The great leveler is climate change. Because of its southern latitude and long, low-lying coastline—my hometown, 60 miles from the Gulf of Mexico, was just 97 feet above sea level—Texas is expected to get hit earlier and harder than most states.

To a Montanan, a January day two or three degrees warmer has a certain appeal. But in a state already sweltering in 100-degree heat, climate change could be catastrophic.

Can Texas hold its own? We saw some encouraging signs. When we lived in East Texas three decades ago, Tyler wasn’t just in the Bible belt; it wasn’t even just the buckle of the Bible belt. It was the prong on the buckle of the Bible belt—dry, rigid and repressed.

But on this visit, we ate excellent seafood in Tyler while drinking Texas-brewed beer and watching blacks and whites talking and dancing freely. If Tyler can get it, who can’t?

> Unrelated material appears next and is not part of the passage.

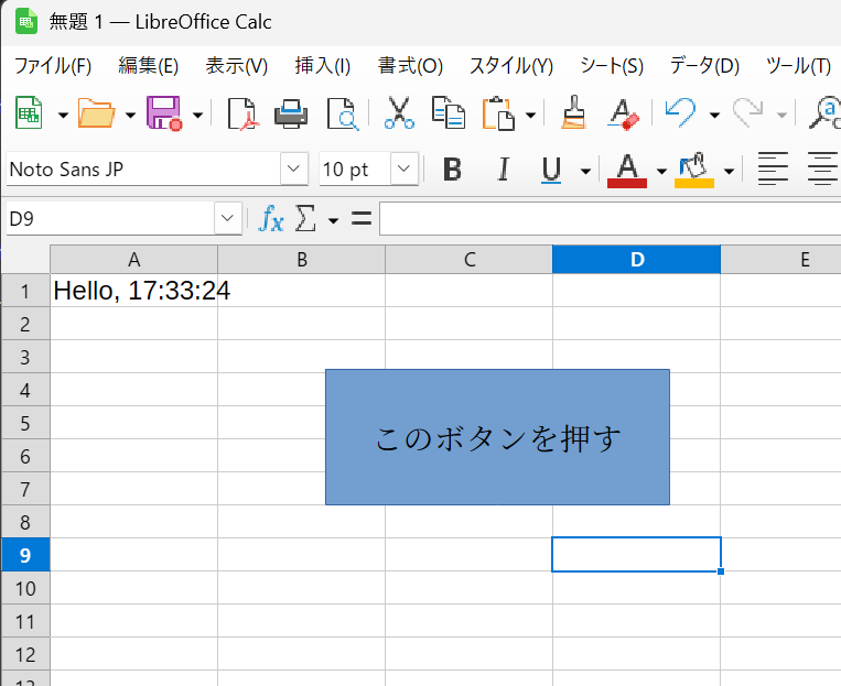 この状態で、マウスでボタンを押すと “A1” に時刻が表示されます。

We saw taquerias and doughnut shops blanketing the state. We saw a shop devoted exclusively to the sale of hot sauce. The architectural wonder of Texas’ justly renowned old courthouses still reflects the notion that Texans may not want a lot of government, but they want the government they have done right.

And after reading that Texas generates twice as much wind power as any other, my wife and I counted hundreds of windmills in West Texas spinning in the ever-present breeze. Working oil wells? Just a smattering.

That’s the old Texas spirit—stubborn but adaptable, a state unwilling to give in, even to its own demons.